What is expected |
Restate the records that follow word for word; no pictures should appear.
>>>>>
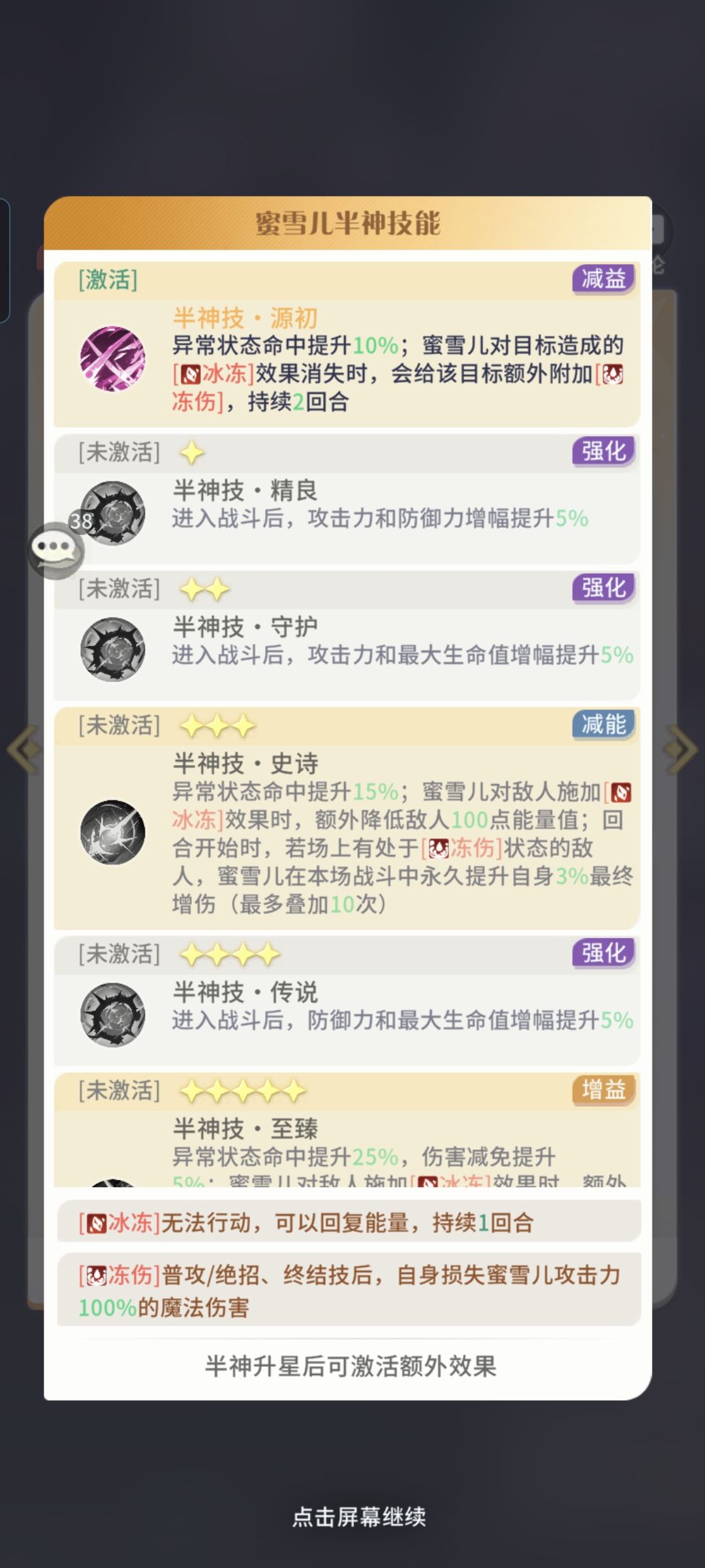 ●半神技·史诗:战斗开始时获得1层元素护佑,元素护佑可获得10%的伤害减免,最多叠加3层,持续到战斗结束。
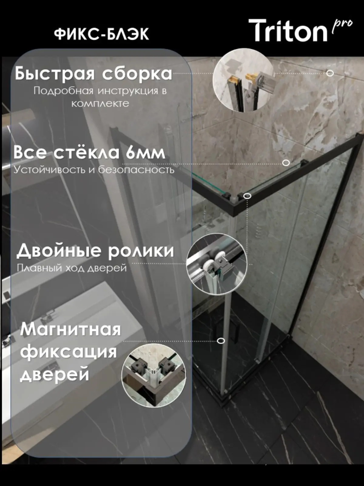 В целом, душевой уголок Triton Душевая Ширма Фикс-Блэк 100х100 - это стильное, функциональное и надежное решение для вашей ванной комнаты, которое обеспечит комфорт и безопасность использования.
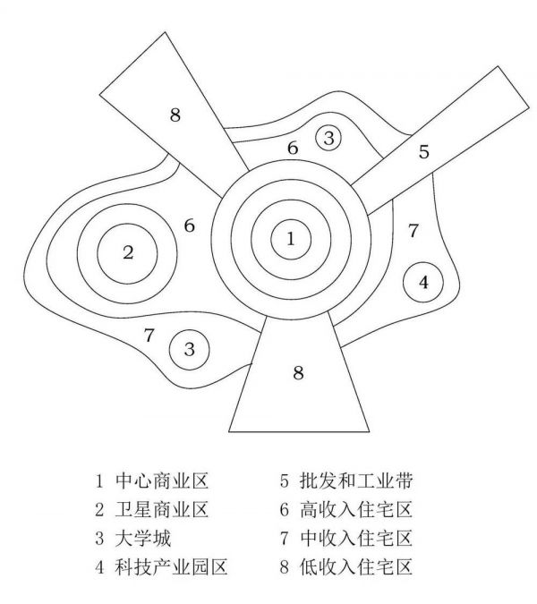 同心圆结构之外,西方城市结构学说也在此基础上发展出了扇形结构和多核心结构,成为目前三大最主流的城市结构理论。扇形理论(上图)作为对同心圆理论的修正,认为城市是以扇形的形式发展的,高房租住宅在高地、湖岸、海岸、河岸分布较广,且有不断向城市外侧扩展的倾向。多核心理论(下图)则强调,城市在发展过程中会出现多个商业中心,并产生新的极核,且其布局将受多种因素影响,不必然呈现圆形。
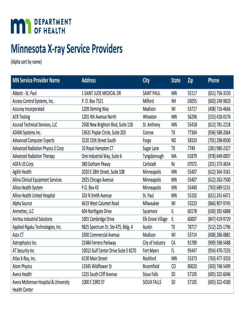 Get the free Registered Minnesota X-ray Service Provider Vendors
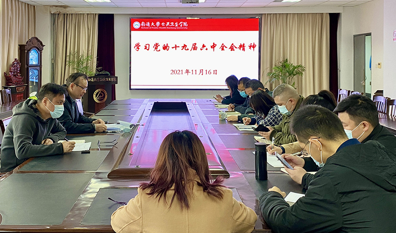 11月16日上午,公共卫生学院党委理论学习中心组举行集中学习(扩大)会议,专题学习贯彻党的十九届六中全会精神。
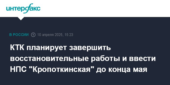 Москва. 10 апреля. INTERFAX.RU - График восстановительных работ на нефтеперекачивающей станции "Кропоткинская" предусматривает ее ввод в эксплуатацию до конца мая 2025 года, сообщил "Каспийский трубопроводный консорциум" (КТК) по итогам посещения объекта генеральным директором КТК Николаем Горбанем.
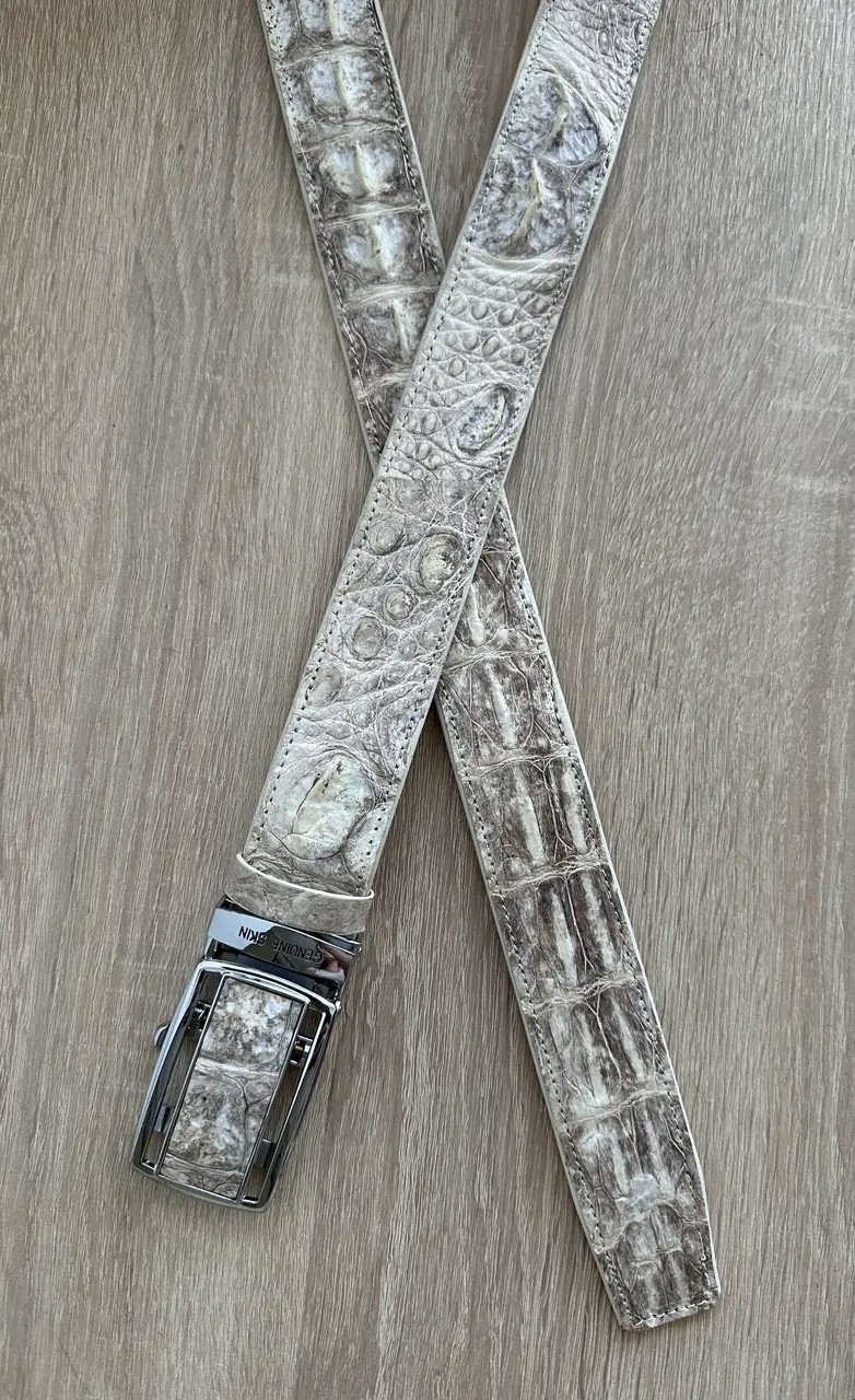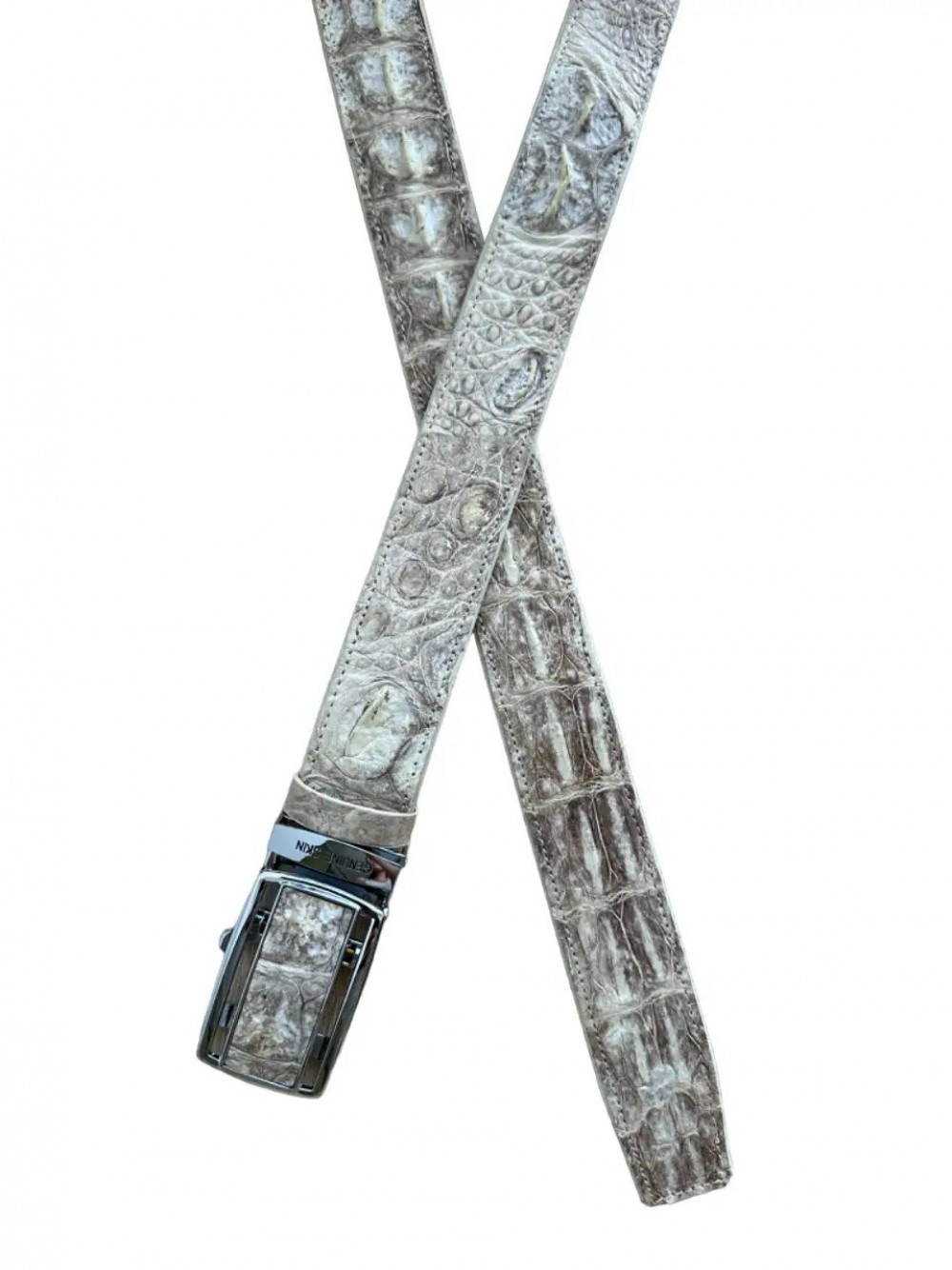 Ремень мужской из кожи крокодила, ремень укомплектован автоматической пряжкой со вставкой из кожи крокодила под цвет изделия. Ремень выполнен на телячьем основании, прошит и проклеен, что добавляет ему износостойкости при использовании.
<<<<<
Written solution |
 ●半神技·史诗:战斗开始时获得1层元素护佑,元素护佑可获得10%的伤害减免,最多叠加3层,持续到战斗结束。
 В целом, душевой уголок Triton Душевая Ширма Фикс-Блэк 100х100 - это стильное, функциональное и надежное решение для вашей ванной комнаты, которое обеспечит комфорт и безопасность использования.
 同心圆结构之外,西方城市结构学说也在此基础上发展出了扇形结构和多核心结构,成为目前三大最主流的城市结构理论。扇形理论(上图)作为对同心圆理论的修正,认为城市是以扇形的形式发展的,高房租住宅在高地、湖岸、海岸、河岸分布较广,且有不断向城市外侧扩展的倾向。多核心理论(下图)则强调,城市在发展过程中会出现多个商业中心,并产生新的极核,且其布局将受多种因素影响,不必然呈现圆形。
 Get the free Registered Minnesota X-ray Service Provider Vendors
 11月16日上午,公共卫生学院党委理论学习中心组举行集中学习(扩大)会议,专题学习贯彻党的十九届六中全会精神。
 Москва. 10 апреля. INTERFAX.RU - График восстановительных работ на нефтеперекачивающей станции "Кропоткинская" предусматривает ее ввод в эксплуатацию до конца мая 2025 года, сообщил "Каспийский трубопроводный консорциум" (КТК) по итогам посещения объекта генеральным директором КТК Николаем Горбанем.
 Ремень мужской из кожи крокодила, ремень укомплектован автоматической пряжкой со вставкой из кожи крокодила под цвет изделия. Ремень выполнен на телячьем основании, прошит и проклеен, что добавляет ему износостойкости при использовании.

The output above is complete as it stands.